The woman then has a glimpse of what is really going on-she’s met the messiah, the one who makes whole, the one who will bring redemption, the one who brings life. Jesus simply says “I AM.” The woman then goes back to her village filled to the brim from this encounter with the living God, leaving behind her water jar, leaving behind her past, leaving behind her assumptions, leaving behind social norms of women, to be a witness to truth, to living water that flows to all. Everything she leaves behind frees her to witness to God’s mission through Jesus. She goes and tells her community, “Come and See,” and the people also leave behind their own opinions on the unnamed woman, assumptions on the messiah, as well as Israelites. They invite the stranger into their midst and learn from him and become witnesses themselves to the new thing that God was showing them through Jesus.

We, too, are in a moment of leaving things behind.
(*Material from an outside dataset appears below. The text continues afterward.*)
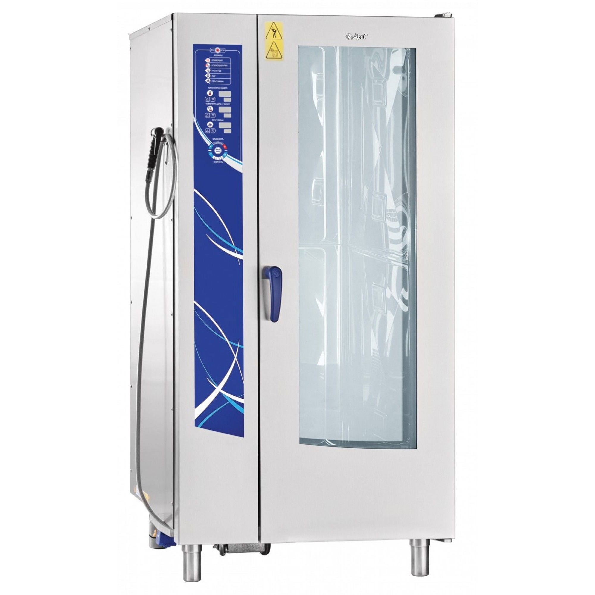 - Двухходовый механизм открывания дверцы для защиты персонала от горячего пара.

We have left behind being together in a particular place for worship, for sacrament, for fellowship. We have left behind social norms of daily life, we have left behind certainty, assumptions of how life should be, and so much more. But in leaving these things behind, for hopefully only a few weeks, how are we freed to witness like the woman in ways that are unconventional, new, and life giving? Jesus is clear in this text, where one worships isn’t what matters, it’s worshiping in Spirit and truth. It’s getting clear about what matters, what we can and should leave behind, in order for God’s truth, that God loves the world, and we are to bear witness to that in all times and places. Jesus very presence with the woman propelled her out of her comfort zone and everything she knew about herself in societal structure in order for others to come face to face with Jesus who crosses borders, leaves behind earthly expectations to reveal God’s expectations of how we live together.

I’m sure the woman was nervous, a bit afraid and wasn’t sure what would happen next as she left her water jar. But she did it trusting that what she had experienced mattered more than any of those things. As we move forward in the coming days and weeks, we are called to trust in what matters, that the people of God cannot be contained to a space, that Church is always loose in the world and isn’t a building, that we can be witnesses to God’s presence in surprising and unexpected ways in our lives. I, too, am leaving behind comforts, routines and assumptions of how church and life work right now. Together we will step out in faith and leave behind what was and embrace what is and know that Jesus is in our midst. Amen.